Former British Spy John Cairncross at Home (Photo by Pascal Parrot/Sygma/Sygma via Getty Images) - Credit: Sygma via Getty Images

John Cairncross, the so-called ‘fifth man’ of the Cambridge spy circle, has long been overshadowed by the other, more colourful, four. Yet a new book suggests he is most intriguing. IVOR GABER reports.

John Cairncross, the fifth man of the Cambridge spy circle, was a spy like no other, as a recently published biography makes clear.

Forget James Bond, or even George Smiley, the story of John Cairncross is the story of a spy who wanted nothing more than to sit in an ivory tower writing about 17th century French literature.
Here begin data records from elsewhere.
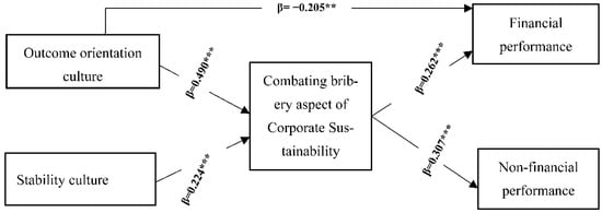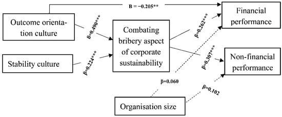 The SEM results reported in Figure 2 and Table 3 (Model B) reveal that the outcome-oriented culture is significantly and positively associated with the bribery combating aspect of corporate sustainability (β = 0.490; p = 0.000). Hence, hypothesis H1 is supported. The findings indicate that the culture of promoting competitiveness among employees, responding to their high expectations of performance, as well as providing them rewards based on their individual performance may refrain them to take bribes from and/or offer bribes to business partners. Hence, organisations that want to combat bribery practices, and thus promote corporate sustainability practices, are suggested to pay attention to develop an outcome-oriented culture by developing a culture of respecting employees’ high expectations of performance, providing them rewards based on performance, and motivating them to be action-oriented. Our findings are in line with what other researchers discourse about the role of organisational outcome orientation culture on corporate sustainability practices [41,42]. Researchers [48,56] argue that the existence of outcome orientation culture is likely to promote employee sustainability practices. Our empirical findings contribute to the existing sustainability literature, with insights into the role of suitable organisation culture towards enhancing sustainability practices.
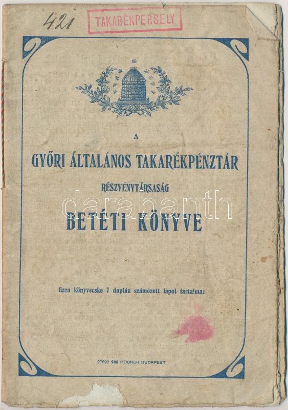 Leírás: ~1908-1940. 3db klf betétkönyv, közte "Magyar Királyi Postatakarékpénztár Budapest" (2xklf), "Győri Általános Takarékpénztár Részvénytársaság"
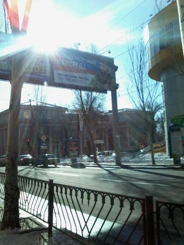 В окупованому Донецьку з’явилися рекламні плакати, які нав’язують містянам скорботу за вбитим в Макіївці (тимчасово окупована територія Донецької області) вчора, 8 лютого, бойовиком Михайлом Толстих на прізвисько «Гіві». Про це пишуть донеччани в соціальних мережах.
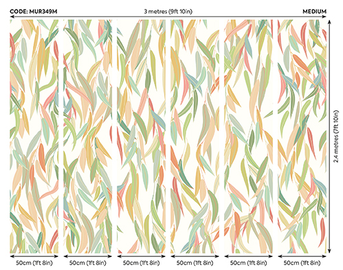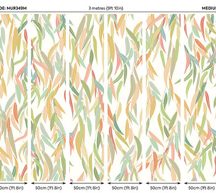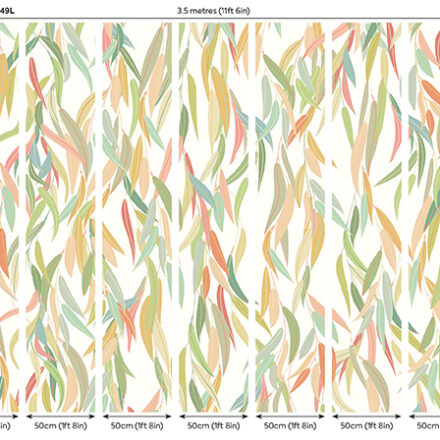 Skandináv stílusú fotótapéta zöldes árnyalatú fűzfalevelekkel, melyek egymásba fonódása dinamikus mozgást imitál. Fiatalos színek és design, mely ugyanakkor a természetből áradó harmonikus nyugalmat sugározza az enteriőrben.
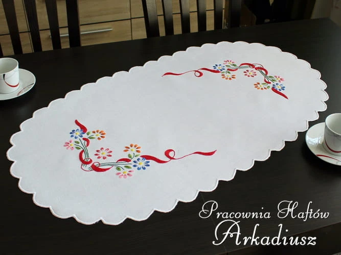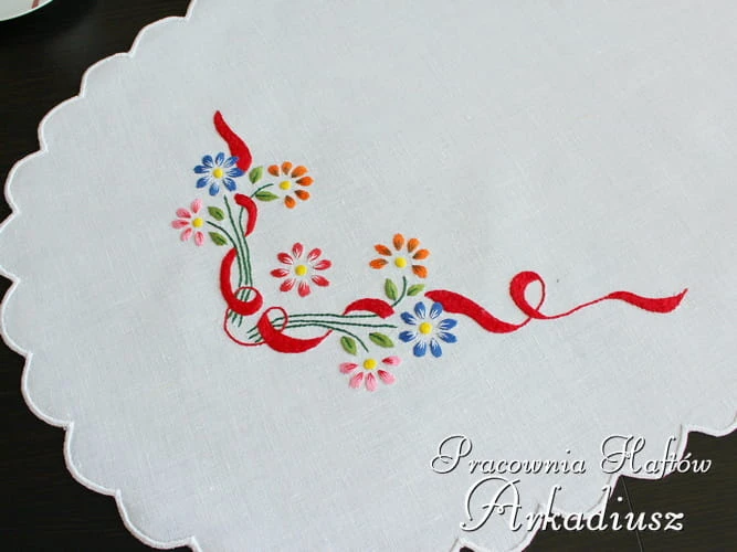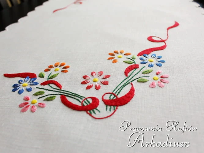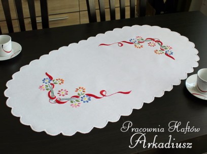 Owalny bieżnik lniany w rozmiarze 50x90cm zdobiony ręcznym haftem. Bieżnik wykonany przez hafciarkę ludową z okolic Makowa Podhalańskiego.

Instead he found himself working inside the British ‘secret state’ passing on secrets to the Soviet Union.

So how did this little boy lost find himself in the pay of Moscow’s spy masters?

In Agent Molière: the life of John Cairncross, the Fifth Man of the Cambridge Spy Circle, Geoff Andrews, an Open University politics lecturer, throws new light on this mystery.

By tracing in detail Cairncross’s early life Andrews reveals how, despite selling secrets to the Soviets (and not for a great deal of money either) Cairncross saw himself not as a traitor to Britain, nor as secret agent working for the Soviet Union, but as a fighter against the growing threat of fascism in pre-war Europe.

This was in contrast to the other members of the Cambridge Spy Circle – Philby, Burgess, Maclean and Blunt – who, unlike Cairncross, came from privileged backgrounds and were dedicated communists who (with the exception of Blunt) sought sanctuary in Russia after their treachery had been uncovered; not so Cairncross.

He was born in a small town in Lanarkshire, his father was an ironmonger and his mother a teacher. One of eight children, three of whom went on to become university professors, Cairncross was a star European languages and literature student at Glasgow, the Sorbonne and finally Cambridge.

He hoped to pursue a career in academia but failed to win a research scholarship at Cambridge.

According to his widow Gayle Gow (who now trains opera singers in Edinburgh) he believed that it was because he didn’t have the right connections – it might also have been because he could be difficult to get on with, a characteristic that was to haunt him throughout his career in government.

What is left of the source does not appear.